(Recorded information Opens)

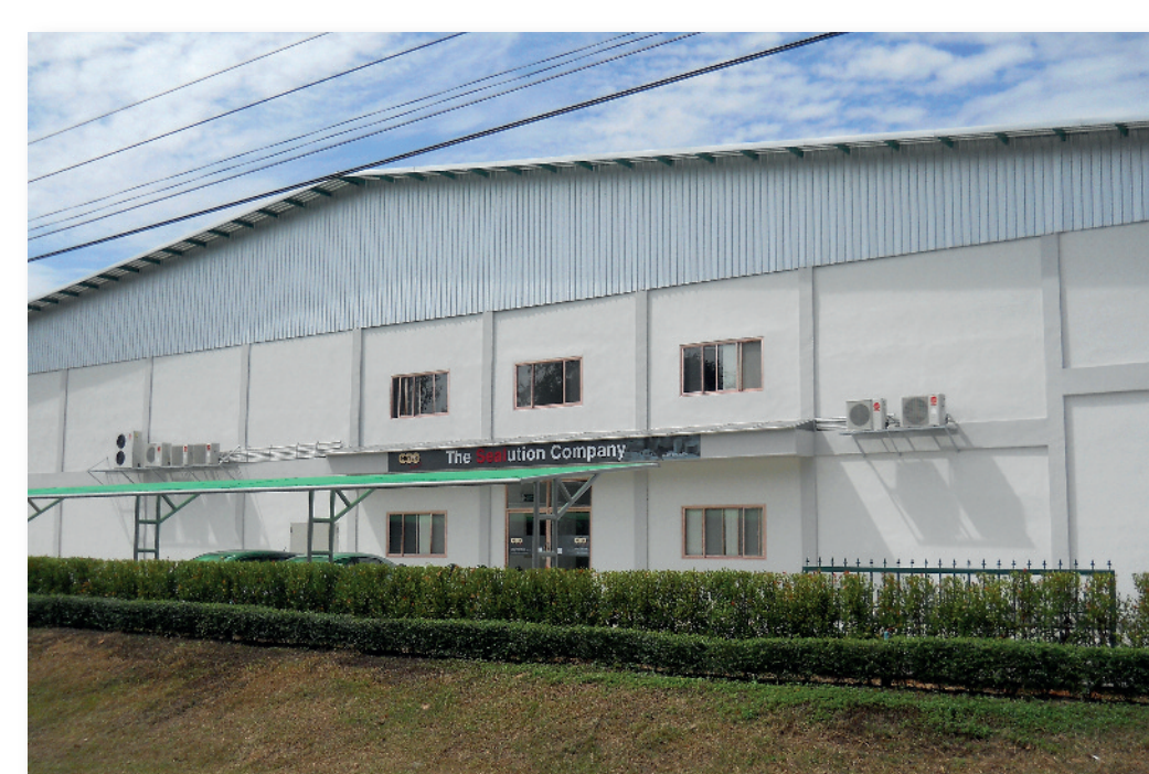
Das Werk in Thailand
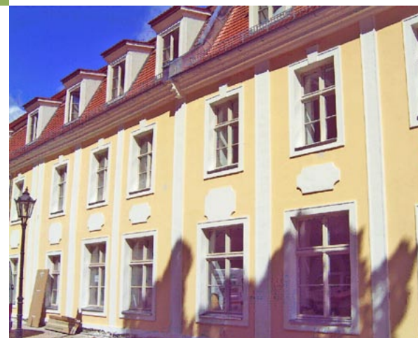
Das „Köppchenhaus“ in Luckau

Sollten Sie Häusliche Krankenpflege, Behandlungspflege oder Grundpflege benötigen, sind wir gerne bei der Vermittlung eines ambulanten Dienstes behilflich.
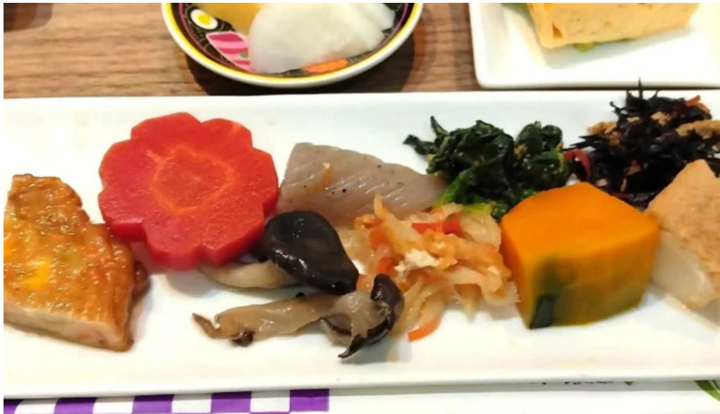
こうた里 カタログ
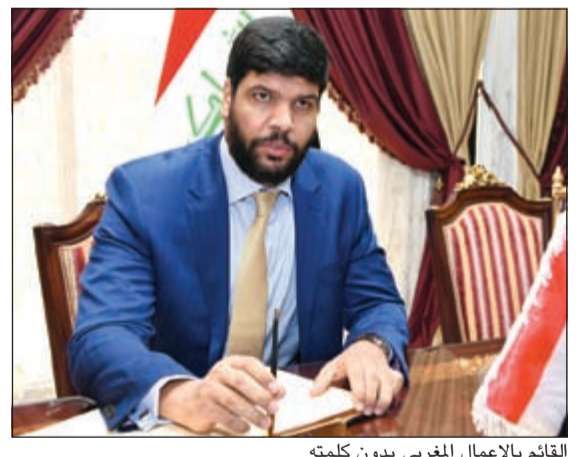
القيام بالأعمال المغربي يدون كلمته
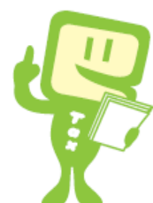
e-Taxキャラクター イータ君

山梨県酒造組合山梨支部はね、酒税の円滑な納税を促進し、酒類業界の安定と健全な進歩発展のために必要な事業を行い、自主的かつ自由公正な事業活動の振興を期するとともに、酒税の保身に協力している団体なんだよ。

(Recorded information Closes)

To do
Repeat the material above in full and exactly, omitting the pictures.

Result for this exercise
Das Werk in Thailand
Das „Köppchenhaus“ in Luckau

Sollten Sie Häusliche Krankenpflege, Behandlungspflege oder Grundpflege benötigen, sind wir gerne bei der Vermittlung eines ambulanten Dienstes behilflich.
こうた里 カタログ
القيام بالأعمال المغربي يدون كلمته
e-Taxキャラクター イータ君

山梨県酒造組合山梨支部はね、酒税の円滑な納税を促進し、酒類業界の安定と健全な進歩発展のために必要な事業を行い、自主的かつ自由公正な事業活動の振興を期するとともに、酒税の保身に協力している団体なんだよ。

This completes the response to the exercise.